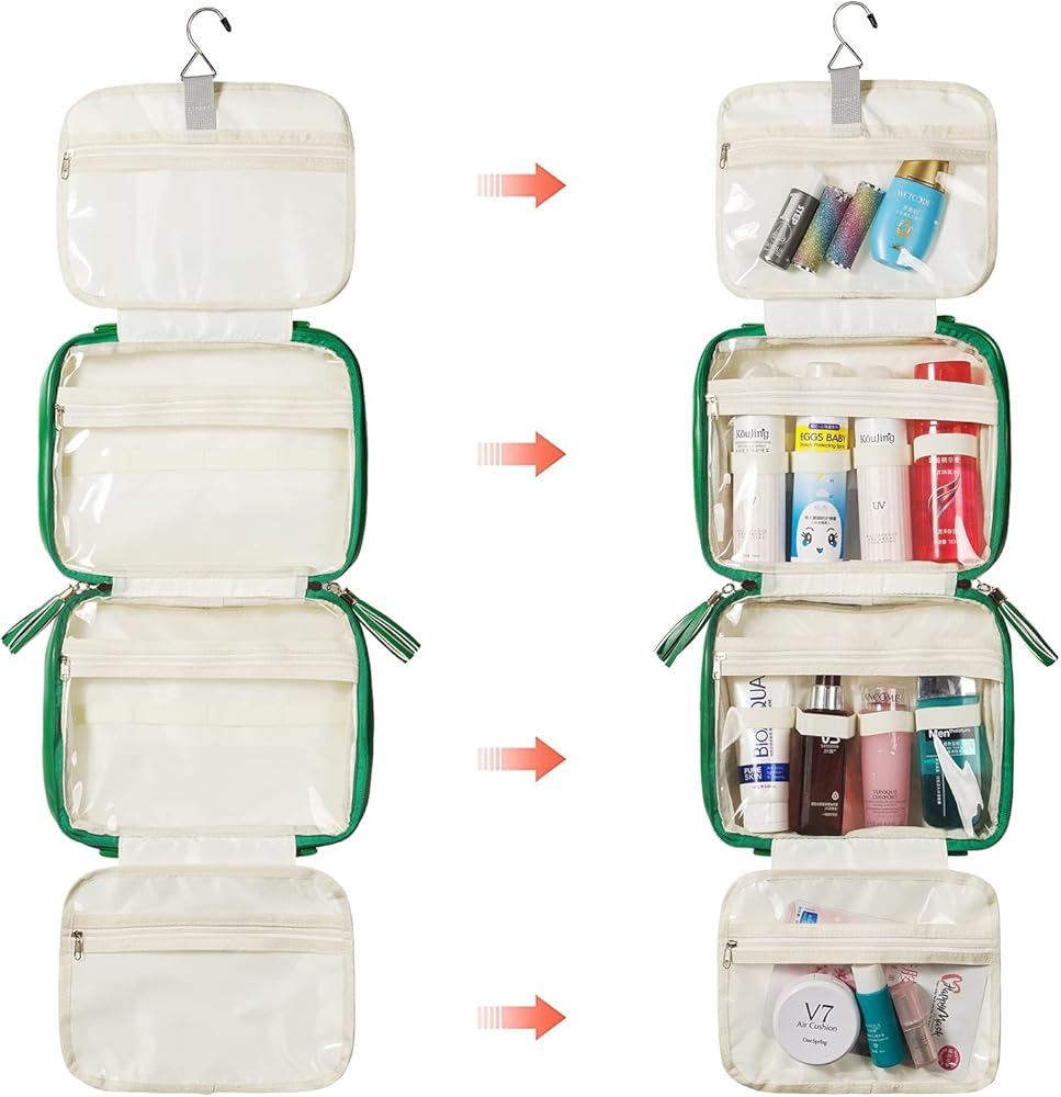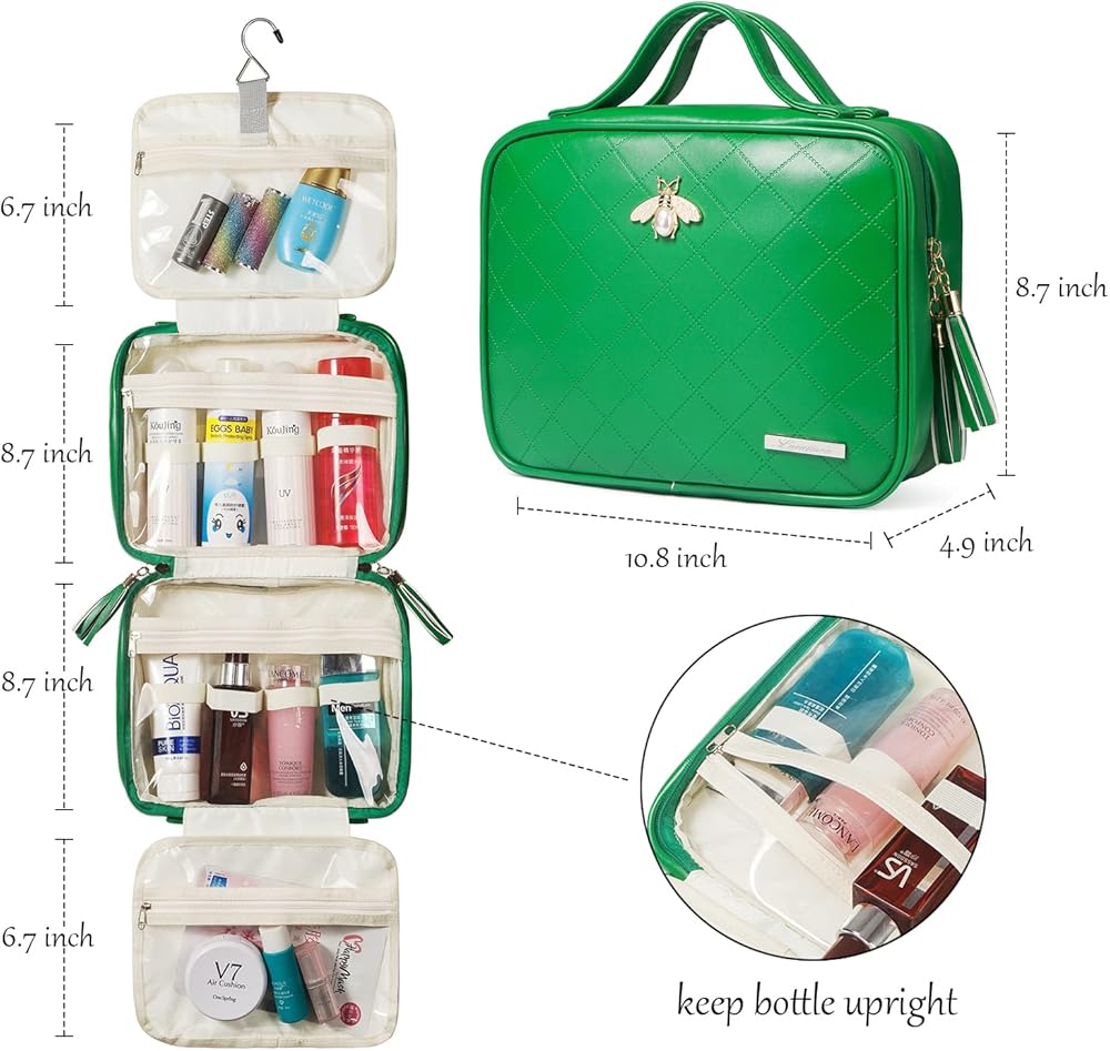 حقيبة أدوات الزينة المعلقة للنساء من لاكاتورا، حقيبة مكياج جلدية للسفر، منظم مستحضرات التجميل الكبير، 4 طبقات حقيبة صحية محمولة مقاومة للماء، منظم الحمام للشامبو، المكياج، الأغراض الشخصية، أخضر
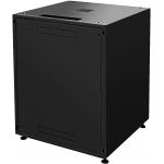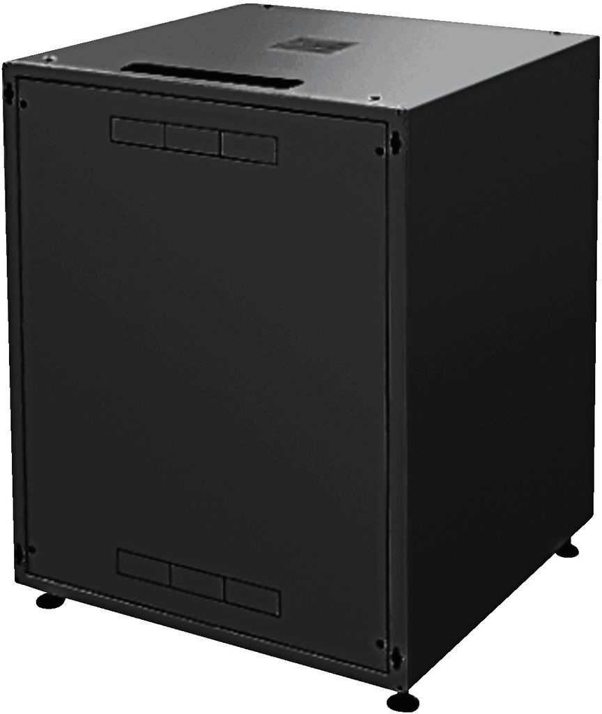 Professional studio racks for 482 mm (19") devices Front door with safety glass Sheet steel cabinet body and removable rear panel Black powder coating (RAL 9005) 4 levelling feet Earthing cable for rear panel Brush strip for cable inlet RACK-18GD/S...
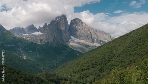 © soyibakter, Obraz premium Wide angle panoramic view of the mountain peaks covered with snow SS4
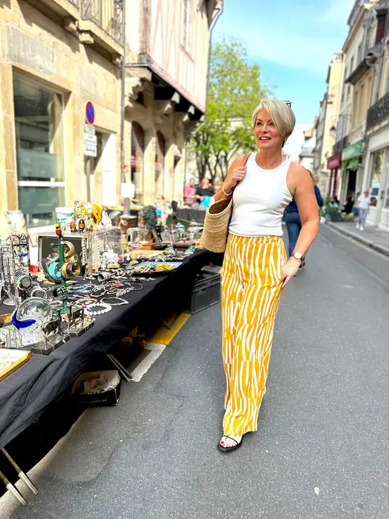 Коли ви блукаєте місцевим ринком, нехай ваш одяг говорить про ваш радісний настрій у цій комбінації палаццо в жовту смужку та білої майки. Цей життєрадісний ансамбль — яскравий приклад літніх образів для жінок за 50, які хочуть виділятися на сонці впевнено та витончено.
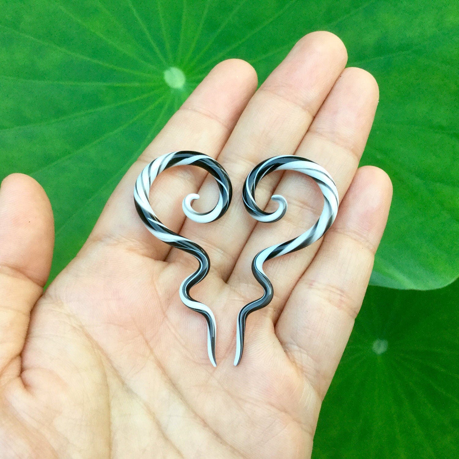 ITEM: This sale is for 1 pair (2 pieces) of hand made pyrex glass Black & White Free Style Spiral Drop Ear Spirals.
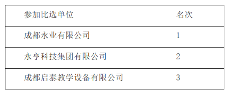 学院评审小组于2023年7月5日,按照学院教学设施设备采购项目比选文件进行了比选评审。现对比选评审结果予以公示:
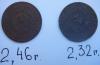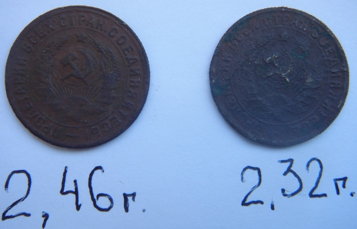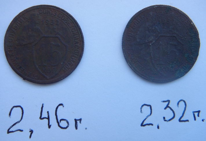 Доброго времени суток, форумчанам. Помогите разобраться. Есть две 15 копеечные монеты 1932 года. С виду одинаковые, но отличаются толщиной и по весу 1- 2,46гр., 2- 2,32гр. (на китайских весах). В описаниях есть три варианта два с отличаем в штемпеле но одинаковым весом и один (пробный), из другого металла с другим весом. Заранее благодарен за помощь.
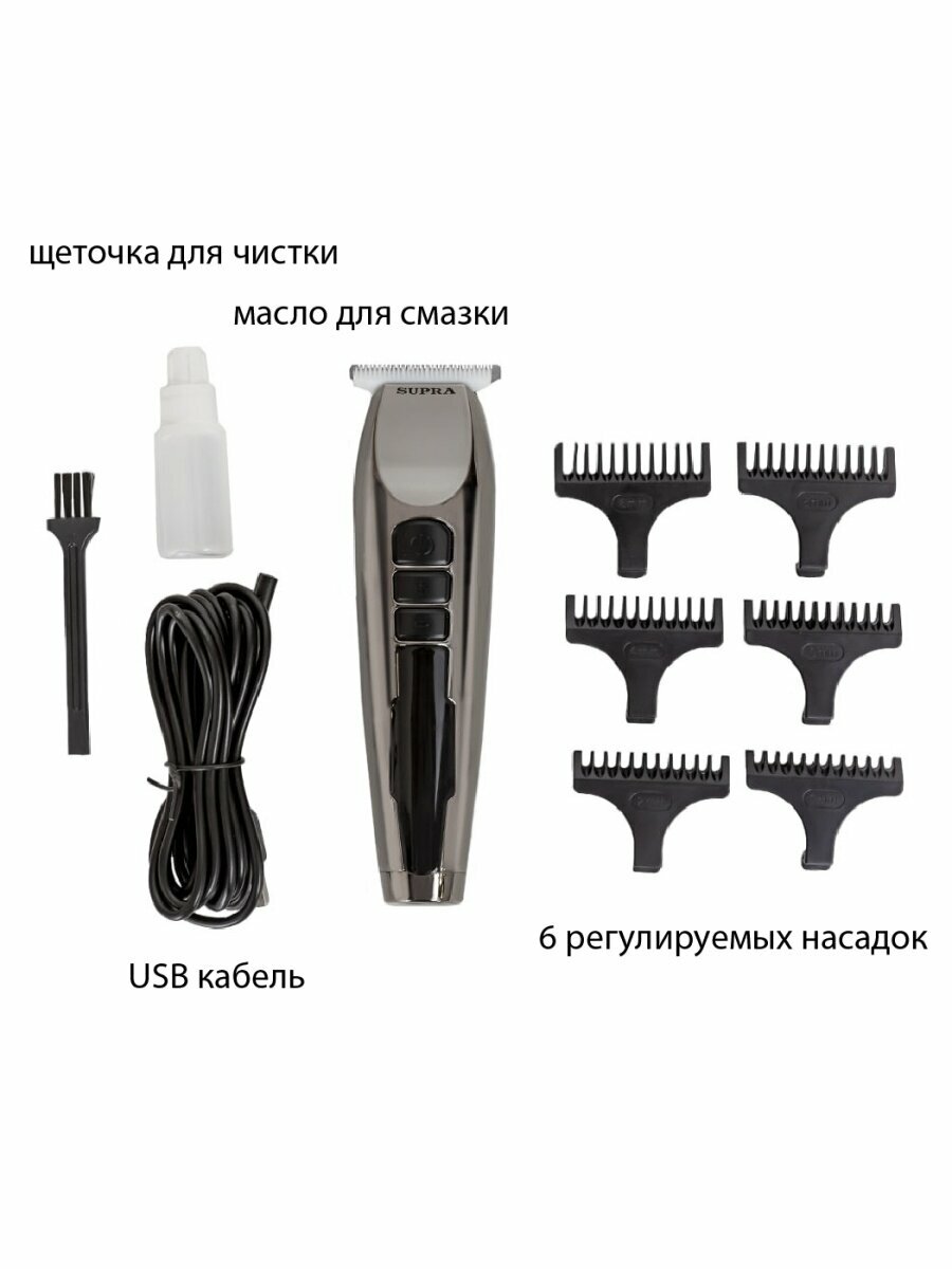 Машинка для стрижки SUPRA HCS-145 6 насадок, серебристый с черным

-.-.-

## Your goal
Look above for the line holding "with snow SS4" and output everything from it down to the line holding "学院评审小组于2023年7月", both ends included, exactly and without images.

## Answer section
 © soyibakter, Obraz premium Wide angle panoramic view of the mountain peaks covered with snow SS4
 Коли ви блукаєте місцевим ринком, нехай ваш одяг говорить про ваш радісний настрій у цій комбінації палаццо в жовту смужку та білої майки. Цей життєрадісний ансамбль — яскравий приклад літніх образів для жінок за 50, які хочуть виділятися на сонці впевнено та витончено.
 ITEM: This sale is for 1 pair (2 pieces) of hand made pyrex glass Black & White Free Style Spiral Drop Ear Spirals.
 学院评审小组于2023年7月5日,按照学院教学设施设备采购项目比选文件进行了比选评审。现对比选评审结果予以公示:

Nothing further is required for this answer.